Unter anderem gründet er ein Pressebüro, welches alle USPD-Zeitungen in Deutschland mit regionalen Berichterstattungen aus Bayern versorgt. Felix Fechenbach beobachtet argwöhnisch die rechtsradikalen Strömungen, denen die bayerische Gesellschaft nach dem Ende der Eisner- Regierung verfällt. Als eine zentrale Figur der Revolution vom November 1918 wird der Publizist nun wegen Landesverrats angeklagt. Das Urteil lautet elf Jahre Gefängnis sowie Aberkennung der bürgerlichen Ehrenrechte auf zehn Jahre. Jedoch stößt das Urteil in der Öffentlichkeit auf starken Widerstand. Unter anderem opponieren 30.000 Bürger mit ihrer Unterschrift gegen dessen Gefangenschaft, so dass Fechenbach nach zwei Jahren und vier Monaten freigelassen wird.

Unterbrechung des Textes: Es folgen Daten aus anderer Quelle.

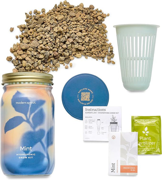 Modern Sprout Mason Garden Jar - Self-Watering Hydroponics Growing System Kit with Organic Herb Seeds - Jar Planter for Indoor Herb Garden - Seed Starter Kit - Home Decor & Gifting - Mint
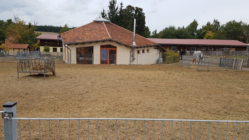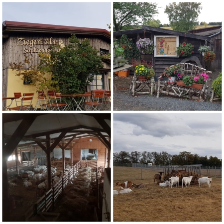 Der Betreiber der Ziegenalm schilderte uns während einer Führung durch das Gelände anschaulich die Geschichte und Gegenwart seines Unternehmens. Wir erfuhren auch viel Wissenswertes über die Aufzucht und Haltung seiner speziellen Ziegenrasse einschließlich der Produktion von Ziegenkäse. Auch Damwild und Hühner sowie einige Rinder und Mufflons leben auf der Alm. Die tierischen Produkte werden sämtlich im angeschlossenen Hofladen angeboten, wovon wir Neundorfer reichlich Gebrauch machten.

Nach seinem Umzug nach Berlin arbeitet er als Redakteur verschiedener sozialdemokratischer Tageszeitungen und engagiert sich auch weiterhin in der Sozialistischen Arbeiterjugend in der Deutschen Liga für Menschenrechte. Am 26. September 1925 heiratet er die Krankenschwester Irma Eppstein, mit der er drei Kinder bekommt.

Als einer der ersten Sozialdemokraten überhaupt erkennt er die Gefahr, die von der erstarkenden NSDAP ausgeht und beginnt seinen publizistischen Kampf gegen die Nazis mit Hilfe der Detmolder SPD-Zeitung „Volksblatt“. Nicht nur Fechenbachs eigene jüdische Herkunft veranlasst ihn zum Kampf gegen diese Partei, sondern auch sein vehementes und ausgeprägtes Demokratieverständnis treibt ihn dazu, gegen die „faschistischen Umtriebe“ zu opponieren.

Dazu erschafft er eine frei erfundene „Nazi-Jüsken“. Mit dieser Kolumne macht der Journalist sich über die Nazis lustig und schafft sich durch sein unerschrockenes Auftreten für demokratische Rechte viele Feinde im nationalistischen Lager.

Das Jahr 1933 wird – nicht nur für Deutschland im Allgemeinen – sondern auch für Felix Fechenbach im Besonderen ein Schicksalsjahr: Die Schikanen beginnen kurz nach der Machtergreifung mit dem Ausschluss aus der Pressekonferenz der Landesregierung. Nachdem sich Fechenbachs Frau mit den Kindern schon in Richtung Augsburg in Sicherheit gebracht hat, wird er am 11. März 1933 in „Schutzhaft“ genommen.

Himmler persönlich veranlasst nun, den „Verräter“ ins KZ Dachau zu überführen. Jedoch melden sich einige führende Nazis zu Wort und verlangen, mit Fechenbach kurzen Prozess zu machen. Bei einem Gefangenentransport nach Dachau wird er von einem der vier SA- und SS-Männer Wiese, Focke, Segler oder Grüttemeyer angeblich „auf der Flucht“ am 7. August 1933 durch mehrere Schüsse ermordet. 

Die genauen Umstände seines Todes sind bis heute ungeklärt. Nur zwei der Täter wurde nach 1945 der Prozess gemacht, SA-Sturmführer Segler wurde gar amnestiert. Irma Fechenbach kann in die Schweiz und mit Hilfe Albert Einsteins später in die USA fliehen. Felix Fechenbach liegt auf dem jüdischen Friedhof in Rimbeck begraben.